### Data listing
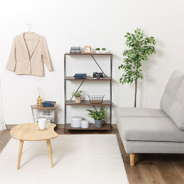●材質:構造部材(フレーム)/金属(鋼)、表面加工(フレーム)/エポキシ樹脂塗装、表面材(棚板)/プリント紙化粧パーティクルボード
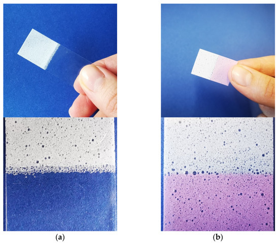 Applicator films with a (a) water-insoluble EC applicator and (b) water-soluble PVA applicator. The pictures were taken in front of a blue background.
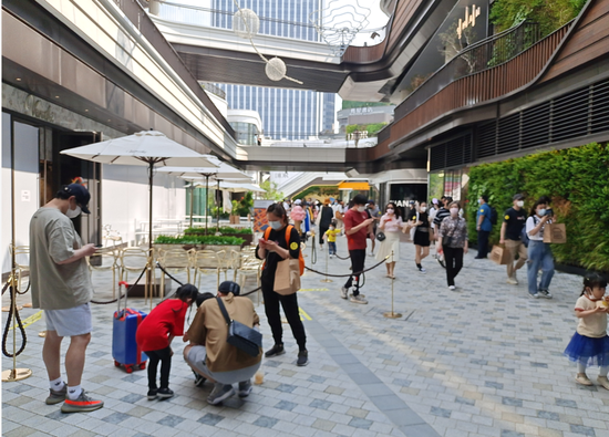 浦东三林前滩太古里,是浦东首个恢复线下营业的大型购物中心,由于防疫和复业事项的安排到位,商场的人气恢复不错。
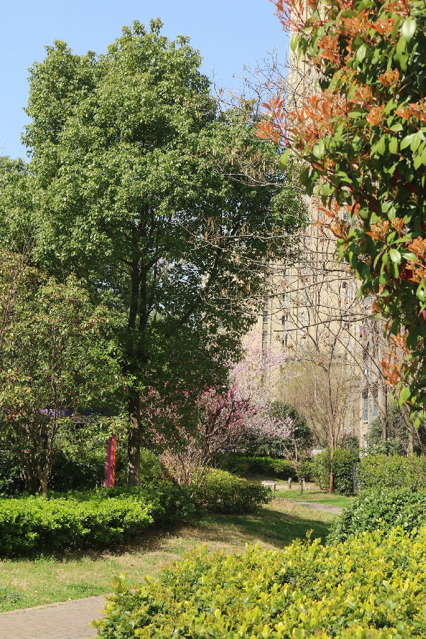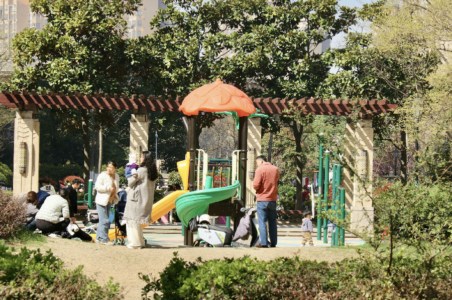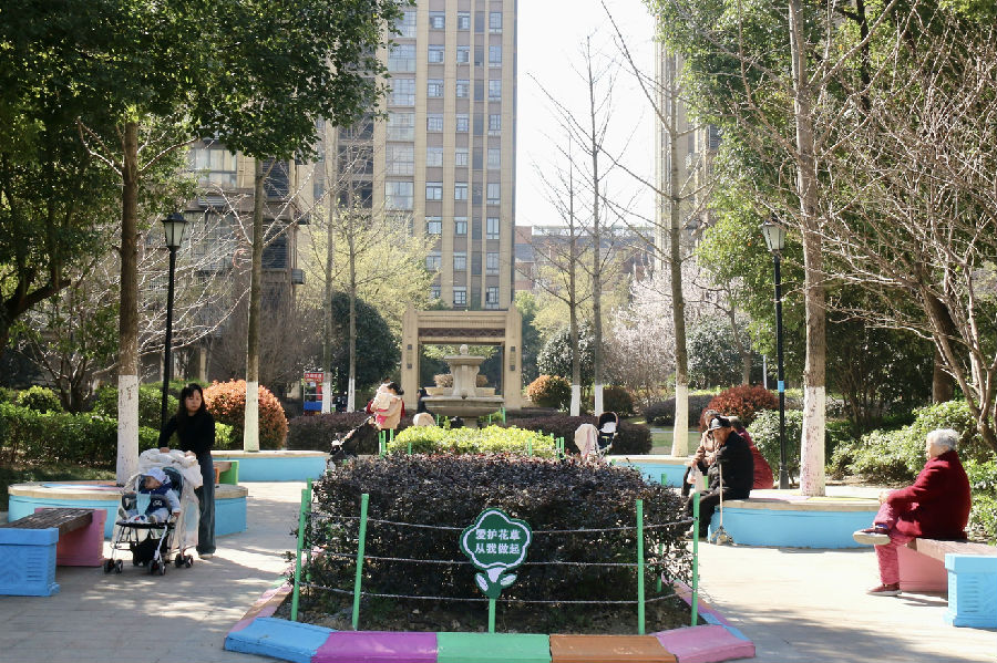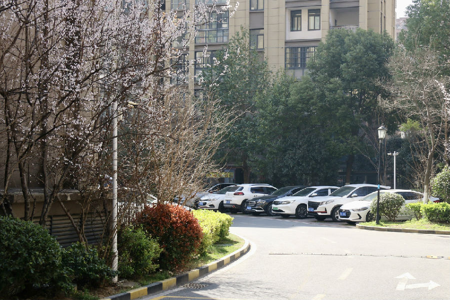 春光明媚,桃花俏枝。步入名门河畔,道路整洁,郁郁葱葱,车辆停放有序,水景静静流淌。暖阳洒在小广场上,拄着拐杖的白发老人和推着婴儿车的宝妈们三五成群地拉着家常。绿化工人蹲在路边打理花草,时不时有刚学会走路的小朋友加入其中,探索自己的世界。工作日的小区虽偶有装修和车辆的喧嚣,但到处都是有条不紊的宁静。
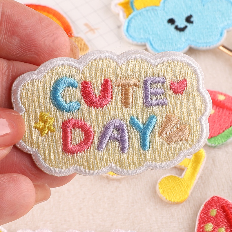 Computer Embroiders Self-Adhesive Patches The Animated Cartoon Rainbow English Letters Music Notation Patch Stick Hand Book DIY Adhesive Buiter For Toys

### Work task
Leave out every picture and transcribe the remaining entries exactly.

### Worked solution
●材質:構造部材(フレーム)/金属(鋼)、表面加工(フレーム)/エポキシ樹脂塗装、表面材(棚板)/プリント紙化粧パーティクルボード
 Applicator films with a (a) water-insoluble EC applicator and (b) water-soluble PVA applicator. The pictures were taken in front of a blue background.
 浦东三林前滩太古里,是浦东首个恢复线下营业的大型购物中心,由于防疫和复业事项的安排到位,商场的人气恢复不错。
 春光明媚,桃花俏枝。步入名门河畔,道路整洁,郁郁葱葱,车辆停放有序,水景静静流淌。暖阳洒在小广场上,拄着拐杖的白发老人和推着婴儿车的宝妈们三五成群地拉着家常。绿化工人蹲在路边打理花草,时不时有刚学会走路的小朋友加入其中,探索自己的世界。工作日的小区虽偶有装修和车辆的喧嚣,但到处都是有条不紊的宁静。
 Computer Embroiders Self-Adhesive Patches The Animated Cartoon Rainbow English Letters Music Notation Patch Stick Hand Book DIY Adhesive Buiter For Toys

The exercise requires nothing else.